A report published by a local news agency claimed that Bangladesh Bank denied Pathao to launch a Closed Payment Service. In a statement, Pathao Co-founder, Hussain M. Elius said that "We had faced a problem as we started the service as a closed wallet. We will turn the service into an open wallet in the future by fulfilling all the [regulations] and conditions."

=== Regulations ===
Bangladesh Road & Transport Authority (BRTA) declared Ride Sharing Services illegal in Bangladesh due to conflicts with Bangladesh Motor Vehicles Act.
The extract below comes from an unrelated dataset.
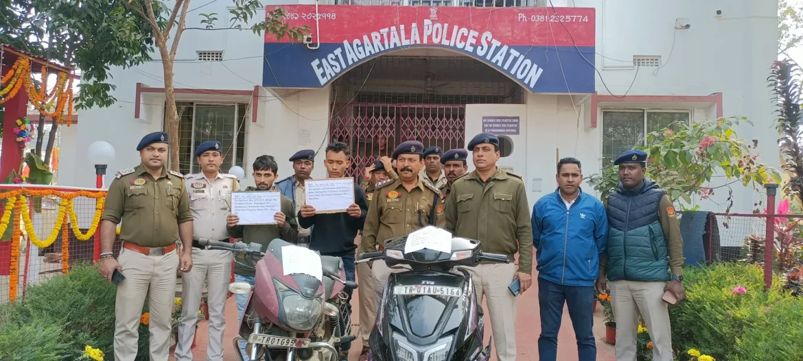 আগরতলা : রাজধানীর পূর্ব থানা এলাকা থেকে চুরি যাওয়া মোটর বাইক উদ্ধার করতে সক্ষম হল পূর্ব আগরতলা থানার পুলিস। মঙ্গলবার রাতে পুলিস দুইজনকে জালে তুলতে সক্ষম হয় লেক চৌমুহনী ও মর্ডান ক্লাব এলাকা থেকে। উদ্ধার হয় প্রায় এক সপ্তাহ আগে চুরি হওয়া বাইক ও স্কুটি। বুধবার ধৃত দুইজনকে আদালতে সোপর্দ করা হয়। থানার ও সি জানান, ধৃতরা জিজ্ঞাসাবাদে আরও কয়েকজনের নাম উঠে এসেছে। শীঘ্রই তাদের জালে তোলা হবে। অভিযোগ আগরতলা শহরে ক্রমাগত চুরির ঘটনা বেড়ে চলেছে। স্বাভাবিক ভাবেই উদ্বিগ্ন সচেতন মহল।

Pathao along with several local Ride-sharing services petitioned against the rule and later lobbied the government to formulate a draft bill to allow operations of Ride-sharing services. The services remained open to the public and on 3 December 2017, the BRTA formulated a guideline for Ride-sharing services. Most of the Ride-sharing services including Pathao was given Operation License in February 2018. On 3 December, Pathao became the first major ride-sharing service in Bangladesh to get enlistment certificate from Bangladesh Road & Transport Authority (BRTA).